Daraufhin verwies der Referee auch diesen „Übeltäter“ des Feldes. „Er weigerte sich jedoch, das Spielfeld zu verlassen. Daraufhin wurde das Spiel vom Schiedsrichter abgebrochen“, hieß es im Bericht über den Tatbestand. Für die DJK Elsten kam es jedenfalls knüppeldick. Die beiden Elstener wurden vom 4. April bis zum 4. Juni 1965 gesperrt. Zudem hieß es: „Da der Spielabbruch durch ein Mitglied der DJK Elsten verschuldet wurde, mussten der zweiten Mannschaft des SW Lindern satzungsgemäß die Punkte aus diesem Spiel zugesprochen werden.“ Die Verfahrenskosten in Höhe von 52,80 Mark mussten die beiden Elstener Spieler bezahlen. Das Geld wurde auch fristgemäß bis zum 1. August 1965 überwiesen, wie aus aus der damaligen Kostenbelastung hervorging.

Manch graues Haar dürfte der Schiedsrichter auch bei der Begegnung des SV Emstek II gegen den SV Bethen II am 7. März 1965 bekommen haben. Den Anfang der „wundersamen Haarverfärbung“ machte der Bether Spieler Sch., der vom Schiedsrichter wegen rohen Spiels verwarnt worden war.

Kurze Zeit später stellte sich dieser neben den Unparteiischen und sagte: „So ein Idiot.“ Der Spielleiter bezog den Idiot auf sich und schickte den Bether vom Feld. Was anschließend passierte, wird im Bericht, wie folgt geschildert: „Nach dem Feldverweis stellte sich Sch. in der Spielkleidung neben das Spielfeld und rauchte eine Zigarette. Das KSG sah in den Worten, die Sch. in der Nähe des Schiedsrichters ausführte, eine Beleidigung des Schiedsrichters und in dem Rauchen in Spielkleidung eine Unsportlichkeit.
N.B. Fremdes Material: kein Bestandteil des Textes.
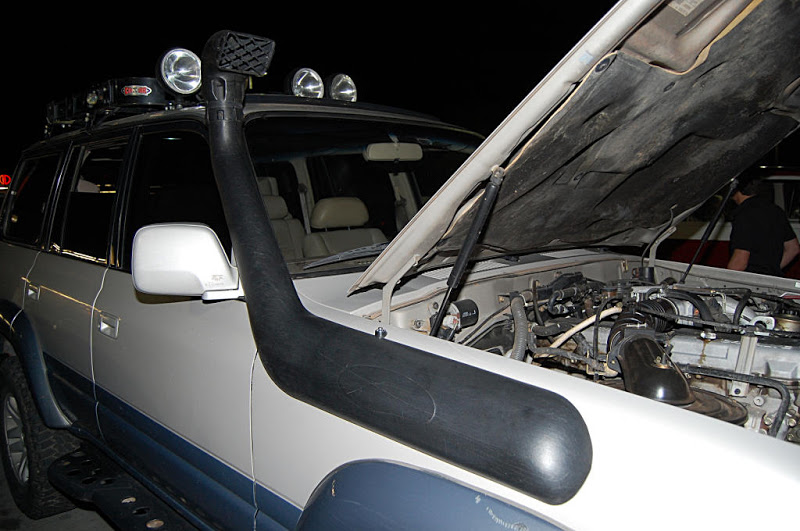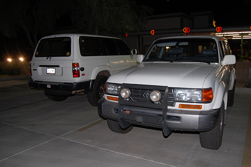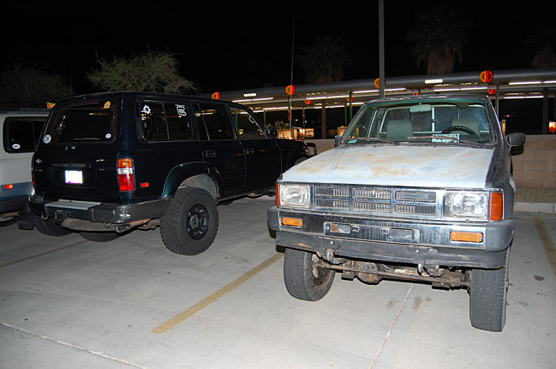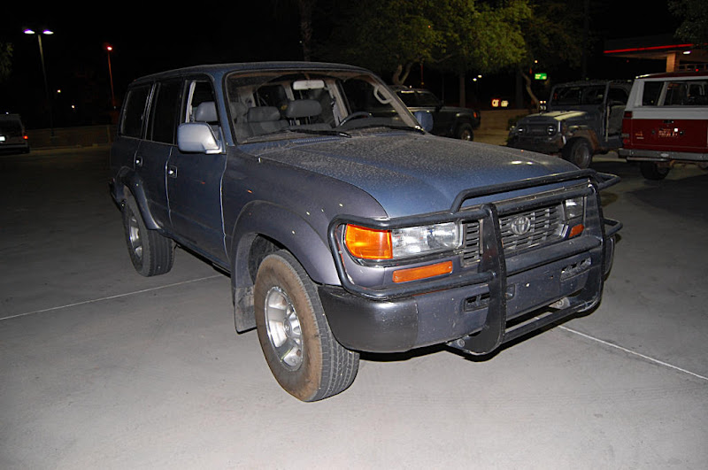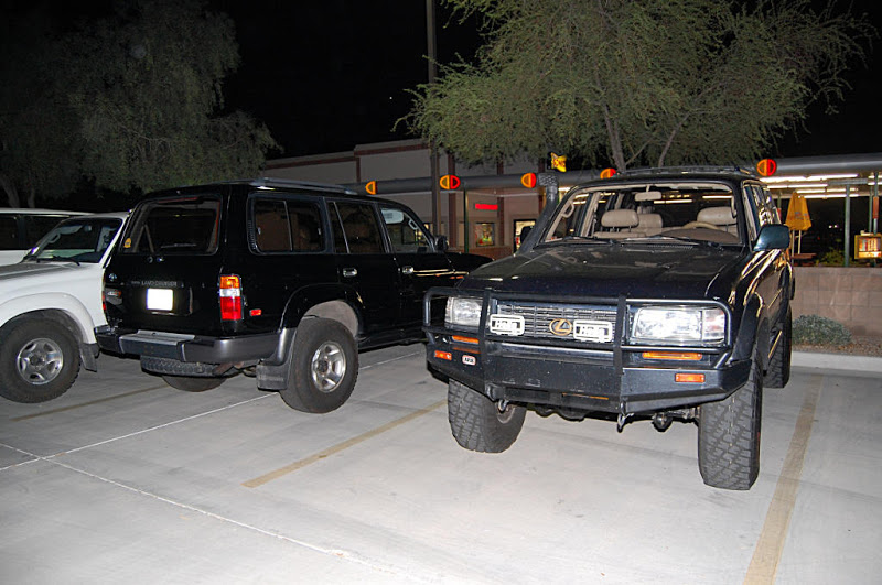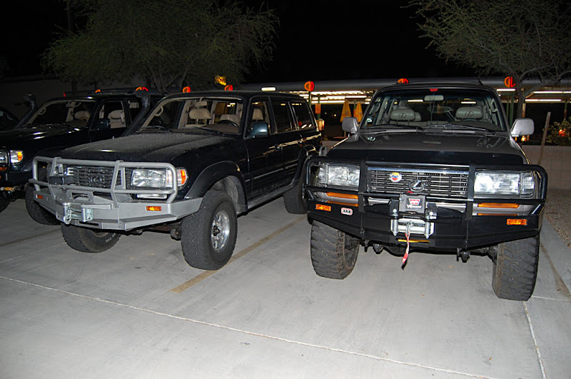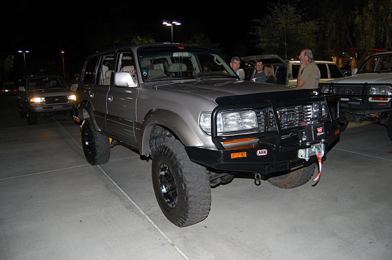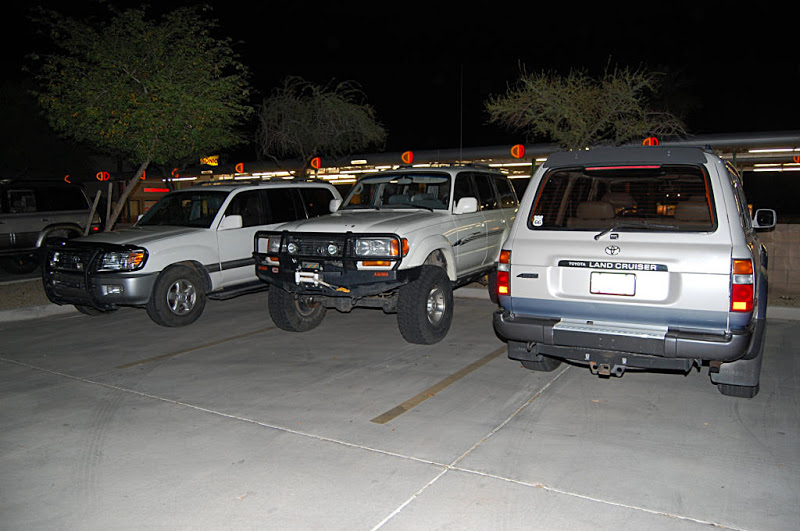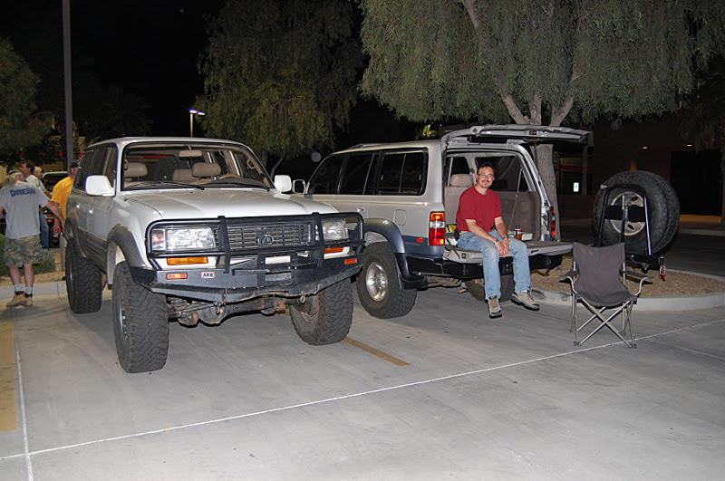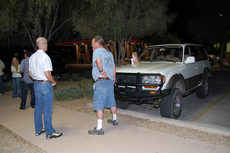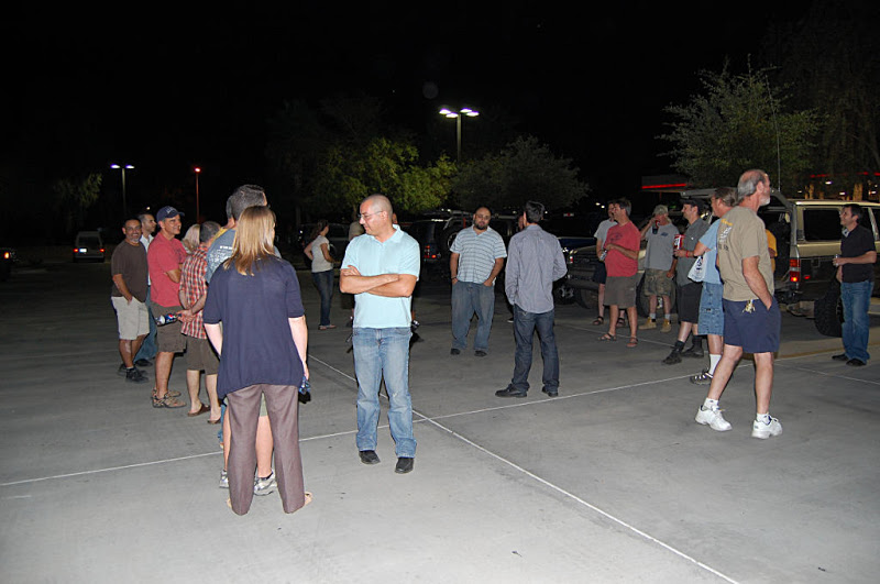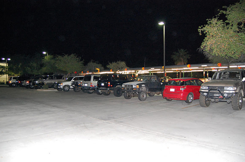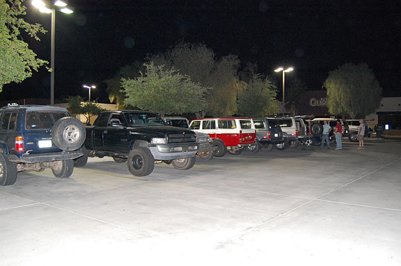 Once the meeting was called to order the group gathered in a big circle...We had the pleasure of meeting 4 new members, Scott, Nate, Romey and Anthony who stood in the middle of the circle , introduced themself and what they were drving. Then the interrogation began by someone (who will remain anonymous) with them having to line there trucks in a row so eveyone could scrutinize them... One thing I noticed with the 4 new members trucks it that they did not have a Snorkel(Dorkel) ...Wow...Imagine that.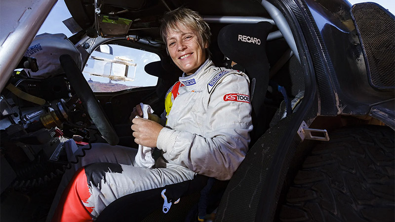 Macskák vontatta hintón száguldott Freyja, a germán istennő, akihez hasonlítani tudnám a listámon másodikként szereplő Jutta Kleinschmidtet. A közel hatvan esztendős német versenyző versenyautóit ugyan macskák helyett többszáz tüzes ló(erő) hajtotta, de varázsolni Ő is jól tudott. Három alkalommal motorral, és tizenkét alkalommal pedig autóval vágott neki az akkor még tradicionális vonalvezetésű Párizs-Dakar ralinak és 2001-ben meg is nyerte azt. Ironikus módon a toronymagasan esélyes japán Hiroshi Masuoka és hősünk volt férje, a Dakar menő és autóépítő francia Jean-Louis Schlesser volt az, akiktől 2 perc és 23 perc előnnyel elvette a győzelmet. A győzelmen kívül még szerzett egy ezüst és két bronzérmet az évek alatt a Szahara homokjában. Sporttörténeti érdekesség továbbá, hogy 2003 és 2006 között az az olasz versenyzőnő Fabrizia Pons volt a navigátora, aki már a fentebb említett Michéle Mouton mellett is mitfahrerként olvasta az itinert a 80-as évek első felében.

Das KSG hielt somit die aufgeführte Sperre für angemessen.“

Die mündliche Beweisaufnahme des Kreissportgerichtes ergab folgenden Tatbestand, der auch in der Akte vermerkt ist: „Bei einer Freistoßentscheidung nannte der Spieler D. den Schiedsrichter einen Idioten. Er wurde daraufhin vom Schiedsrichter verwarnt. Nach der Verwarnung sagte D. zu einem Mitspieler: „Komm, wir gehen runter.“ Der Schiedsrichter verwies daraufhin D. des Feldes.“

Das „Theater“ ging aber noch weiter. Der Spieler D. verließ das Spielfeld und setzte sich neben das Tor. Der Schiedsrichter forderte daraufhin D. auf, hinter die Seitenabsperrung zu gehen, heißt es in der Beweisaufnahme. „Auf dem Wege dorthin beschimpfte D. den Schiedsrichter mit mehreren beleidigenden Äußerungen. Nach der Fortführung des Spiels rief D. seinen Mitspielern zu, dass diese in die Knochen des Gegners treten solle. Der Schiedsrichter ordnete daraufhin an, dass der Spieler D., sich vom Sportplatzgelände entfernen müsse. Der Spieler D. stellte sich auf die angrenzende Straße. D. war somit wegen Beleidigung des Schiedsrichters und wegen der Auflehnung gegen die Anordnungen des Schiedsrichters zu bestrafen.“

Der Referee gab in seinem extra angefertigten Bericht an, dass er vom Spieler D. unter anderem als „Schweinehund“ beschimpft worden sei.

So, oder so: die beiden Bether Akteure wurden zur Kasse gebeten. Die Gesamtsumme der Verfahrenskosten belief sich auf 40,35 Mark. Davon musste der Bether Spieler Sch. 20,18 Mark berappen und sein Mitspieler D. genau 20,17 Mark.